Collected data:
Content starts

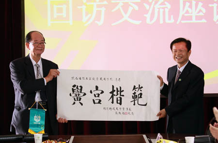 会上,张文斌书记对客人们的到来表示欢迎,介绍了我院的总体情况、国家示范性骨干高职院校建设情况。张绍钧董事长简要介绍了明新科技大学的办学、科研情况;张权民院长就明新科大对我院暑期学生交流学习代表团的热情接待表示衷心感谢。双方就师生交流学习、教育科研合作等问题进行了深入探讨,并初步达成了合作意向。随后,张董事长又与我院赴台师生进行了亲切交谈。
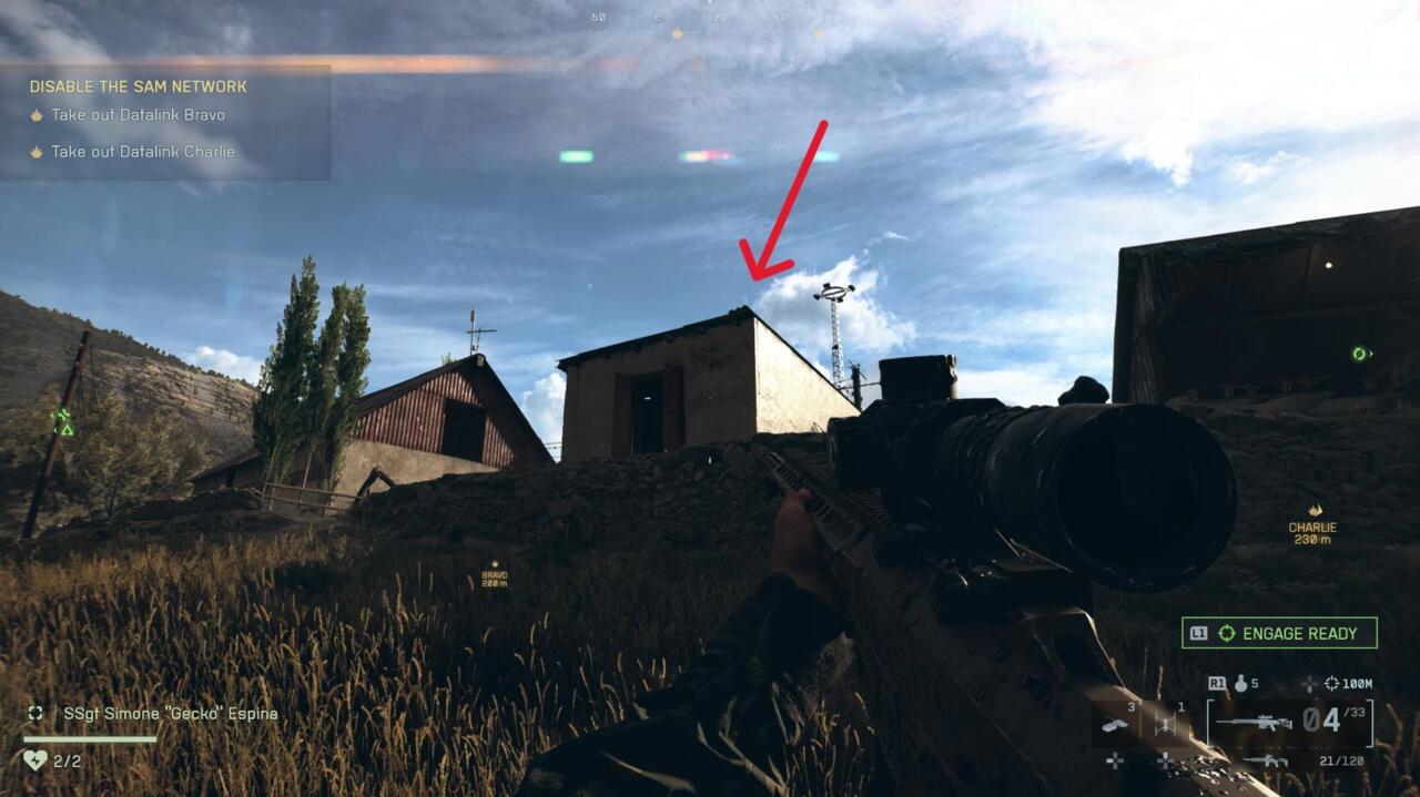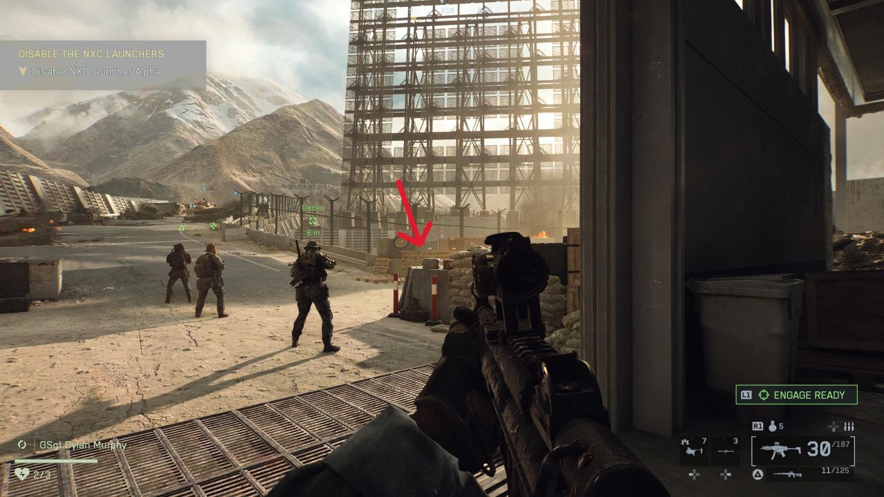 Когда получите задание отключить «Альфу», сможете найти жетон снаружи третьего здания, через которое пройдете перед тем, как присоединиться к стоящим на дороге войскам. Он находится с обратной стороны, справа, на выступе у мешков с песком и снаряжением.
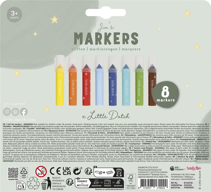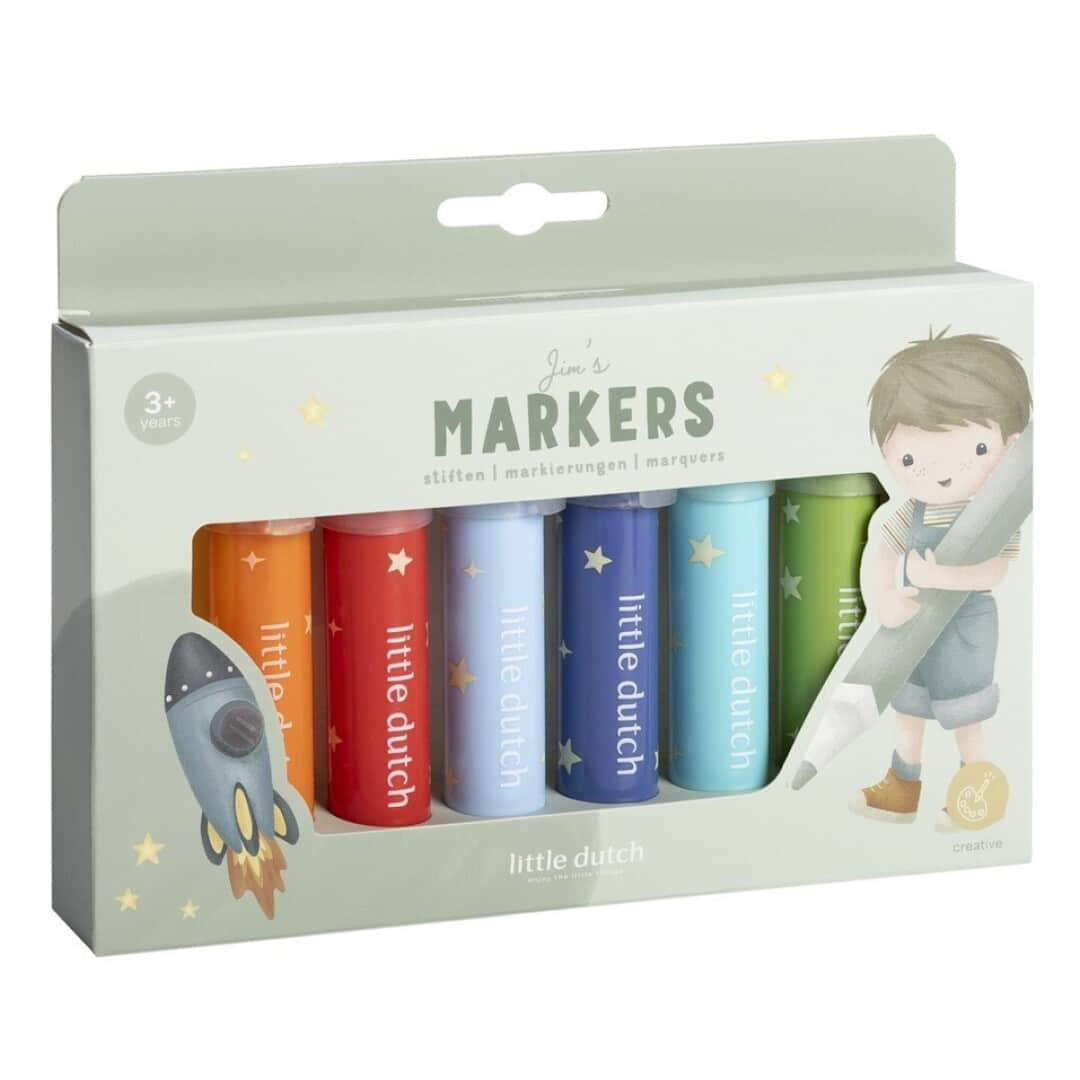 Rotuladores de Punta de Fieltro Jim – Set de 8 rotuladores lavables – Little Dutch – Creatividad y precisión desde 3 años
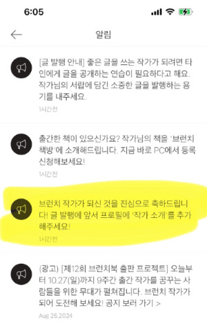 집 앞까지 쫓아가 서성이는 건 체통 떨어지는 일이라고 생각하며 브런치를 나오려는데 좌측 상단에 새 알림이 있다고 알리는 조그맣고 파란 똥글뱅이가 보인다. 클릭.
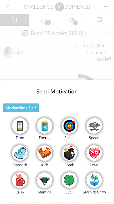 چالش خود را برای دوستان و افراد دیگر ارسال کنید تا بتوانند چالش شما را بپذیرند. چالش هایی را پیدا کنید که برای شما جالب هستند و آن را شروع کنید! تصاویر پیشرفت خود را منتشر کنید و به دیگران انگیزه دهید که مسیر شما را دنبال کنند.
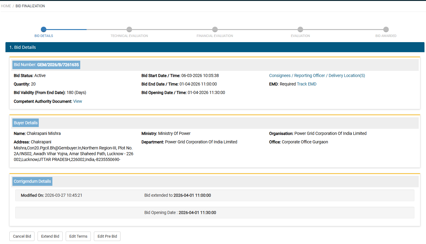 Power Grid Corporation of India Limited, Centralized Procurement Cell, 3rd Floor, Plot No. 2AINS 02, Avadh Vihar Yojna, Amar Shaheed Path, Near Medanta Hospital Lucknow- 226002 (UP).
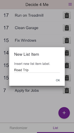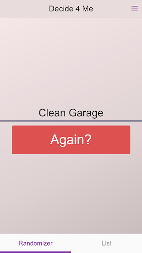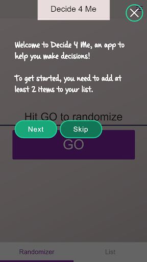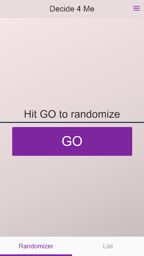 Use this app by building a list of items that you need to decide from then let the app do the rest for you. Push the big button and the app gives you a decision.
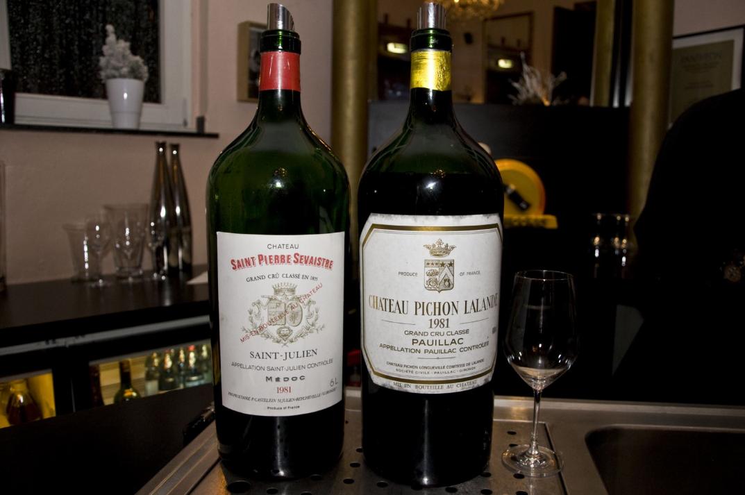 Vor fünfzehn Jahren habe ich schon mal eine 81er St. Pierre-Impi aufgemacht. Damals, auf Sylt an der legendären Buhne 16 mit meinen friesischen Freunden war das ein sehr beeindruckender, noch taufrisch wirkender Wein. Und für den St. Pierre in der Großflasche scheint seitdem die Zeit stehengeblieben zu sein. Der 1981 St. Pierre aus der Imperiale und aus der Jeroboam zeigte keinerlei Alter. Ein sehr eleganter, typischer St. Julien mit guter, immer noch frischer Frucht und viel Zedernholz, erstaunlicherweise aus der Jero noch eine Spur druckvoller und jünger als aus der Impi 93/100. Würde ich gerne noch mal nachkaufen, denn da sind sicher noch 20 Jahre Musik drin. Das gilt auch für 1981 Pichon Comtesse, von Mitte der 80er bis Mitte der Neunziger einer meiner Lieblingsweine, meist mit 95/100 bewertet. Ich erinnere mich noch gut an eine meiner ersten Notizen: " Begeisterung führte zum Kauf einer Kiste 95/100". Und jetzt stand dieser Wein aus der Imperiale so vor mir, als sei die Zeit stehengeblieben. Unfassbar, noch so jung, Comtesse in Reinkultur, herrliche, generöse Frucht, sehr druckvolle Aromatik, diese unnachahmliche Mischung aus Kraft und Eleganz 95/100. Auch hier sind in der Impi noch mal 20 weitere Jahre drin. Mal sehen, ob ich das ausreize, eine zweite Impi hätte ich noch.

Content ends

• Instructions for the task: Within the entries above, the lines from the one containing "집 앞까지 쫓아가 서성이는" through the one containing "چالش خود را" are to be transcribed exactly, ends included, pictures excluded.

• Task response:
 집 앞까지 쫓아가 서성이는 건 체통 떨어지는 일이라고 생각하며 브런치를 나오려는데 좌측 상단에 새 알림이 있다고 알리는 조그맣고 파란 똥글뱅이가 보인다. 클릭.
 چالش خود را برای دوستان و افراد دیگر ارسال کنید تا بتوانند چالش شما را بپذیرند. چالش هایی را پیدا کنید که برای شما جالب هستند و آن را شروع کنید! تصاویر پیشرفت خود را منتشر کنید و به دیگران انگیزه دهید که مسیر شما را دنبال کنند.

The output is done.